Question: What version control systems does this work on?

Answer: The tools I mention work towards Git, but I have used the techniques on SVN, Mercurial, TFS as well. In that case I simply convert the original VCS into a readonly Git repository that I point the analysis to.

It’s an automated conversion using tools like git-tfs, etc.


Question: Is it fair to say that this kind of code refactoring wouldn't help in architectural changes? E.g. Monolith to cloud native

Answer: I like to think that behavioral code analysis is important during legacy migrations and architectural change too. Two main use cases:

  1. Pull the risk forward: use hotspots to figure out what to migrate first.
  2. Supervise the new system: make sure the new system doesn’t end up with problematic hotspots from the beginning. Use behavioral code analysis as a safety net.

Question: I think a hotspot like this is a useful objective data point to help facilitate the refactoring / rearchitect to avoid the same again.

Answer: I’ve also found that hotspots are useful to communicate between tech and non-tech stakeholders like product managers. That way, we can make our case for refactorings and re-designs based on data and also show visible improvements.
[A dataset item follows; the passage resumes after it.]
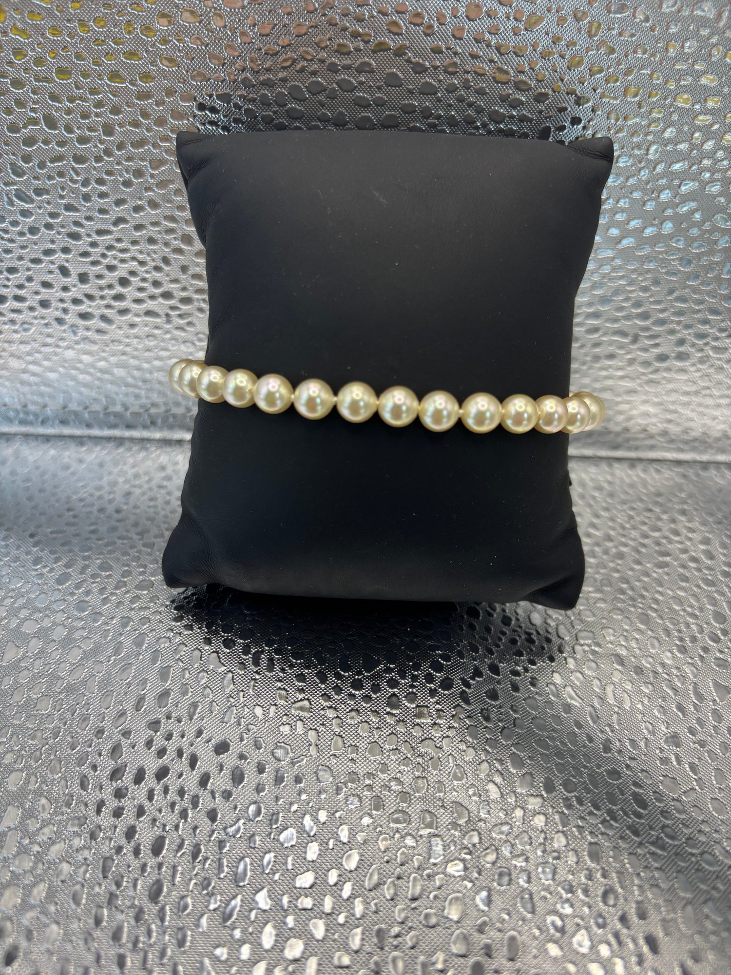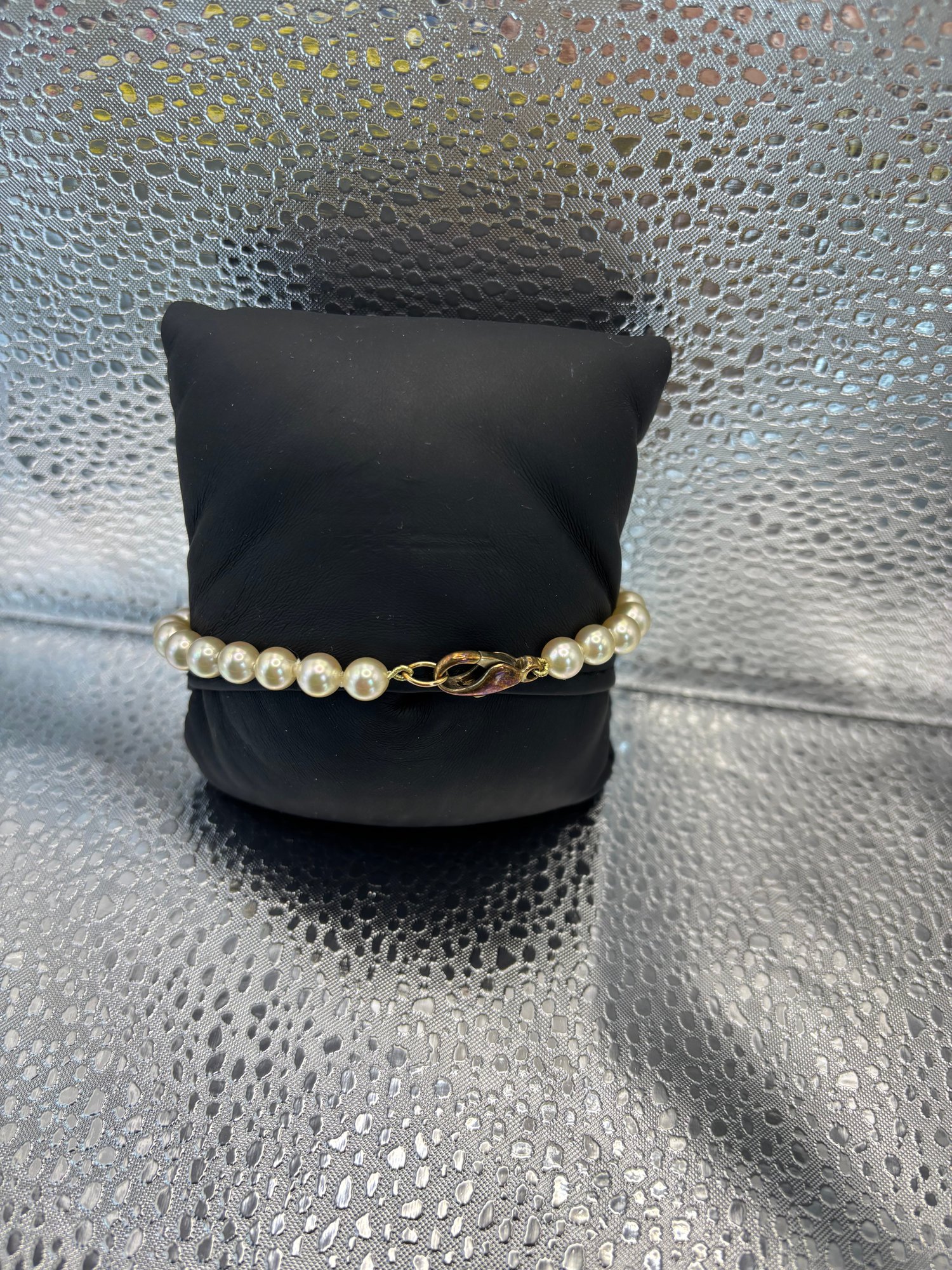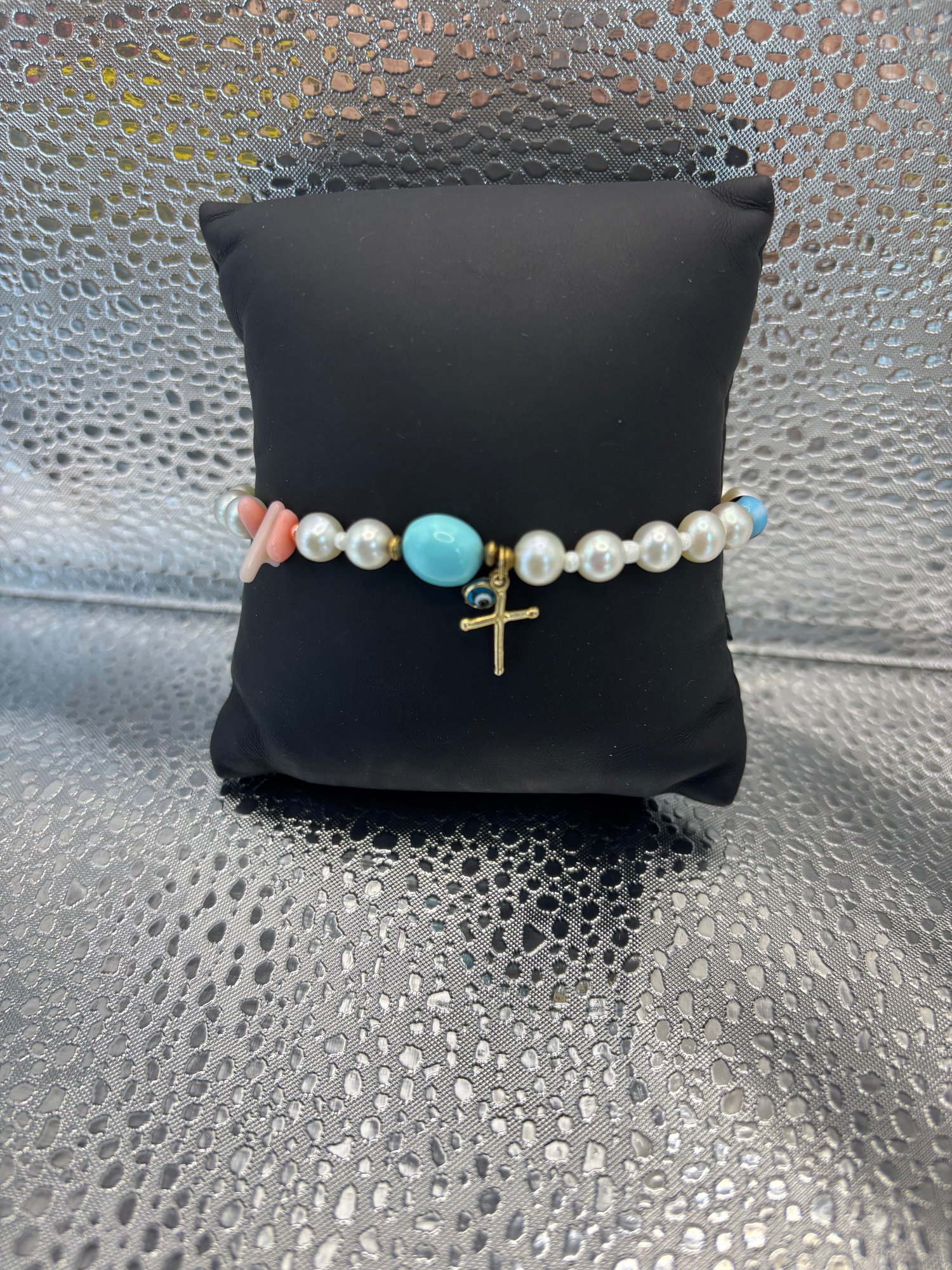 2 Pearl Like Bracelets-the One With The Evil Eye And Cross Has A Sterling Clasp

Question: When you're looking at frequency of change, I'm assuming that's only historical. Do you ever use forecasting algorithms, or run model simulations depending on possible business objective changes?

Answer: Yes, I do predictions too. For example, I have an article that explains how CodeScene can predict a future code health decline: https://empear.com/blog/codescene-predict-future-code-quality-issues/

This gives an organization the ability to act early and prevent future issues.


Question: Why doesn't everyone use this stuff? It seems like such a handy tool

Answer: I’ve seen an increased awareness and interest in this space over the past years.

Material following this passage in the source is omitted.